SEBAGAI putra daerah, Aji Dedi Mulawarman cukup prihatin dengan kondisi ekonomi Kaltim yang terus anjlok. Sementara tanah Borneo adalah lumbung bagi sumber daya alam (SDA). Bahkan menjadi salah satu pondasi ekonomi nasional. Tapi nyatanya, akselerasi pembangunan di Kaltim justru paling lambat.
Dengan latar belakang sebagai cendekiawan ekonomi, Aji Dedi menyadari ada banyak kekeliriuan dalam konsep pembangunan di Kaltim. Khususnya pada pengelolaan dan pemanfataan SDA. Selain itu, banyak proyek pembangunan yang dinilai tidak sesuai dengan kebutuhan masyarakat.
Salah satu yang nampak di mata Aji Dedi yakni, gaya pembangunan yang hanya terkonsentrasi pada ekonomi ekstraktif. Sementara kekuatan kemandirian untuk mengimbangi hal itu belum terbangun baik. “Kaltim secara sosiologis kultural punya pola berbeda dengan daerah lain. Masyarakat banyak hidup di sungai dan di pinggiran pantai,” jelas Direktur Eksekutif Pusat Kajian Kepemimpinan Indonesia ini.
Menyatukan kepentingan antara kebudayaan, eksosistem berbasis sungai dan pantai, serta potensi SDA, bisa jadi solusi agar Kaltim tidak tergantung pada pertambangan. Akan tetapi hal itu belum disiapkan pemerintah. Pasalnya, kebijakan pemerintah saat ini mengedepankan logika keuntungan.
“Saya melihat, selama itu menguntungkan, negara mengeluarkan perizinan. Pajak dan bagi hasil hanya tersedot ke pusat. Yang hancur adalah Kaltim. Masyarakat Kaltim inikan mayoritas muslim. Religiusitasnya tinggi. Nah, ini tidak pernah dilihat secara integral, holistik sebagai potensi pembangunan,” tuturnya.
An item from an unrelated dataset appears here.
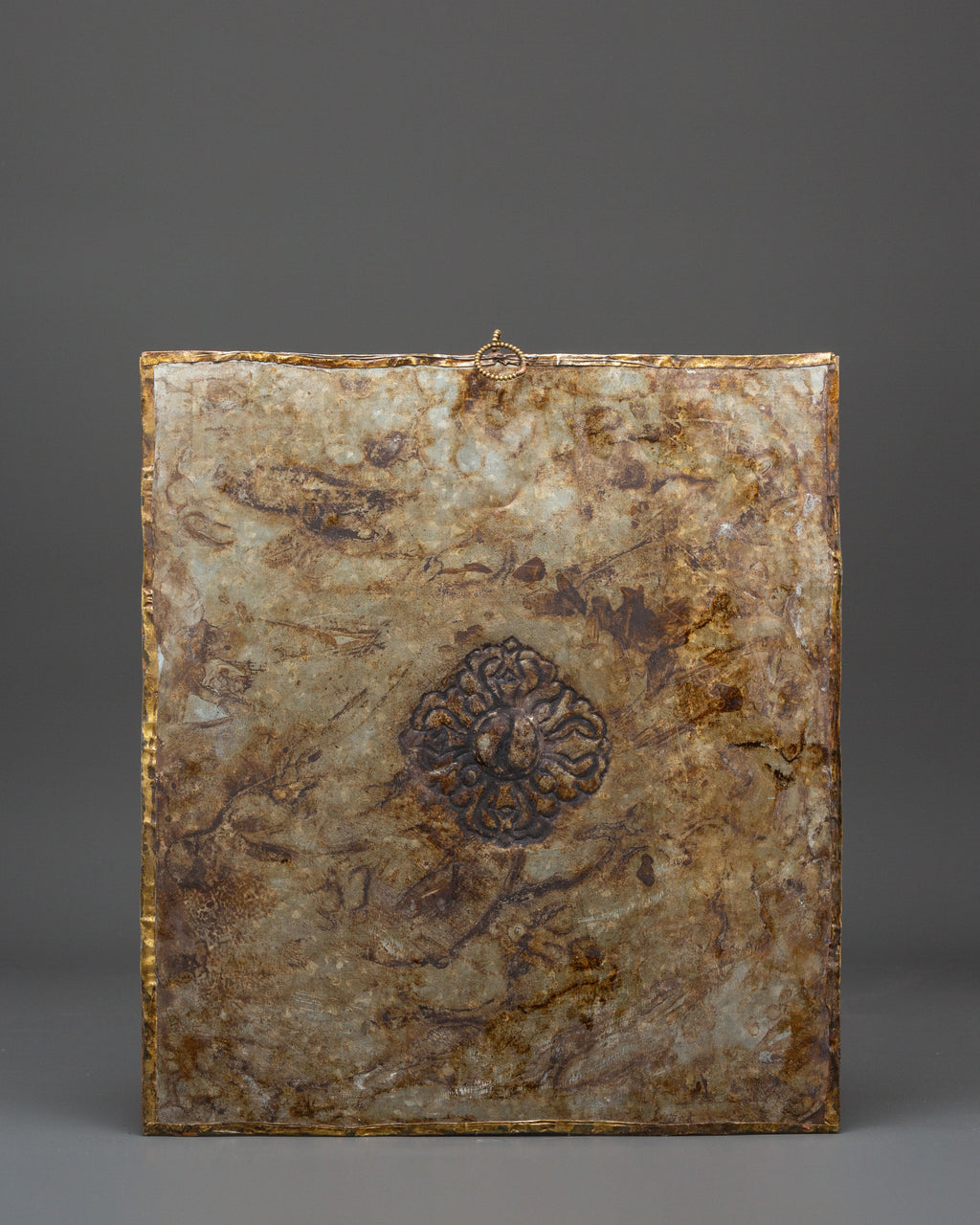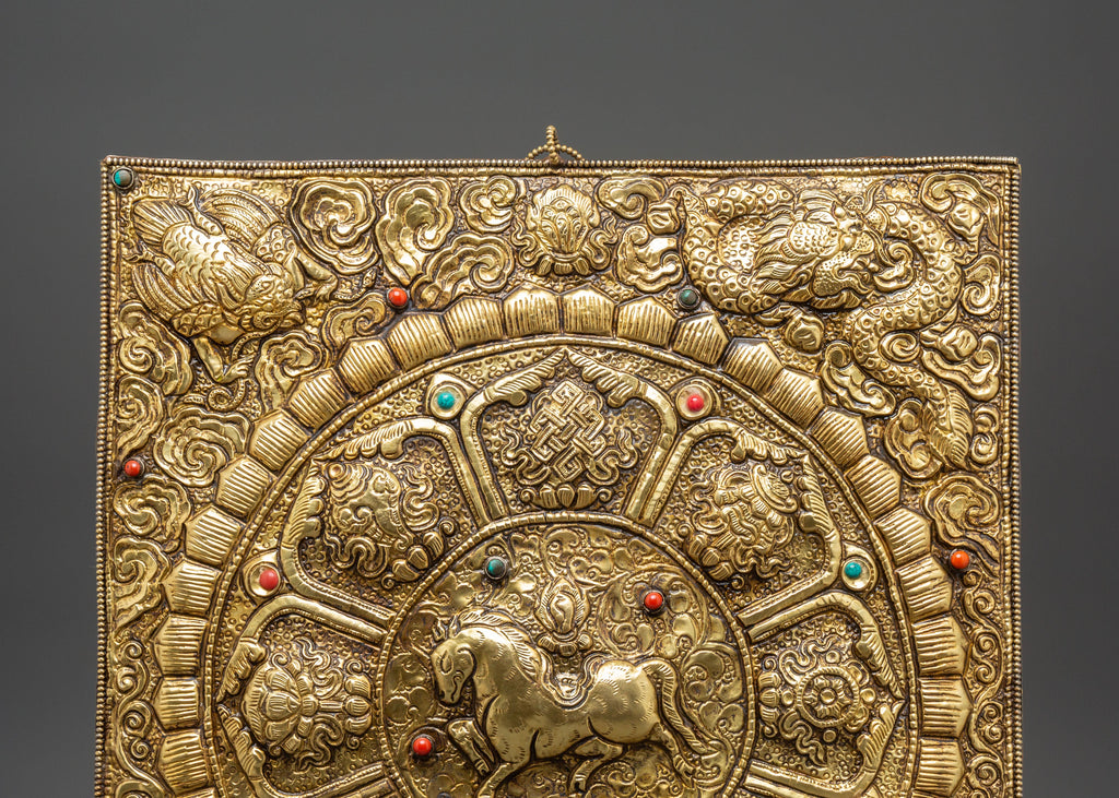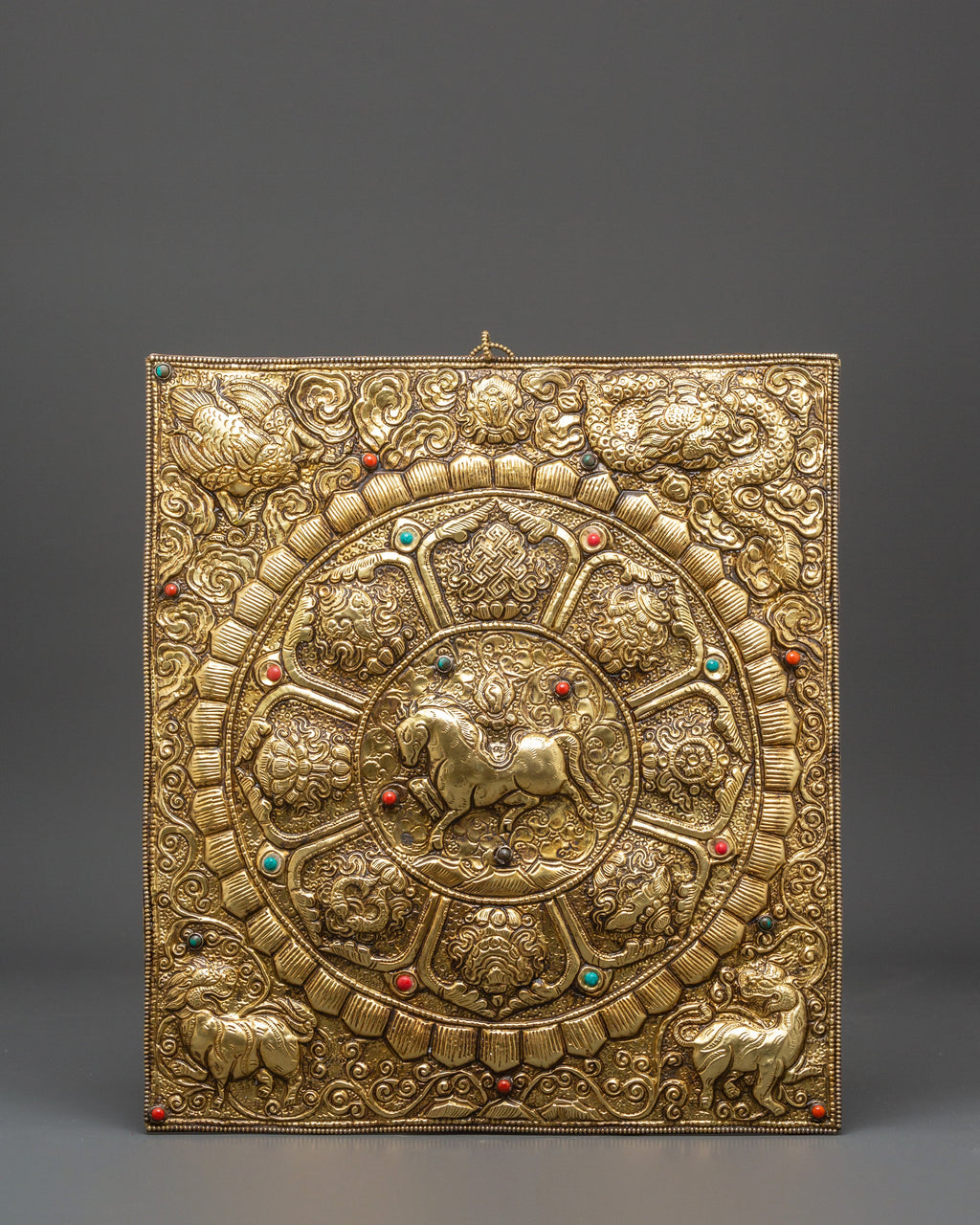 Around the central design, each corner of the wall hanging features intricate auspicious motifs—sacred emblems that embody wisdom, prosperity, and protection. These corner details create a beautiful balance, surrounding the Wind Horse and the Wish-Fulfilling Jewel with spiritual symbolism. The golden brass tone and gemstone accents reflect the sacred harmony found in Tibetan art, connecting body, mind, and spirit.

Menurutnya, sebagai konsekuensi logis atas ketergantungan Kaltim pada hasil pertambangan, yakni fluktuatifnya APBD dari tahun ke tahun. “Angka pengangguran terbuka di Indonesia itu paling besar ada di Kaltim. Nggak logis kalau pengangguran itu banyak di Kaltim, padahal pusat SDA ada di sini,” ungkap Aji Dedi.
Sesuai data Badan Pusat Statistik (BPS), tingkat pengangguran terbuka (TPT) pada Februari 2017, terbesar ada di Kaltim mencapai 8,55 persen dari total pengangguran di Indonesia yakni 7,01 juta orang yang bekerja.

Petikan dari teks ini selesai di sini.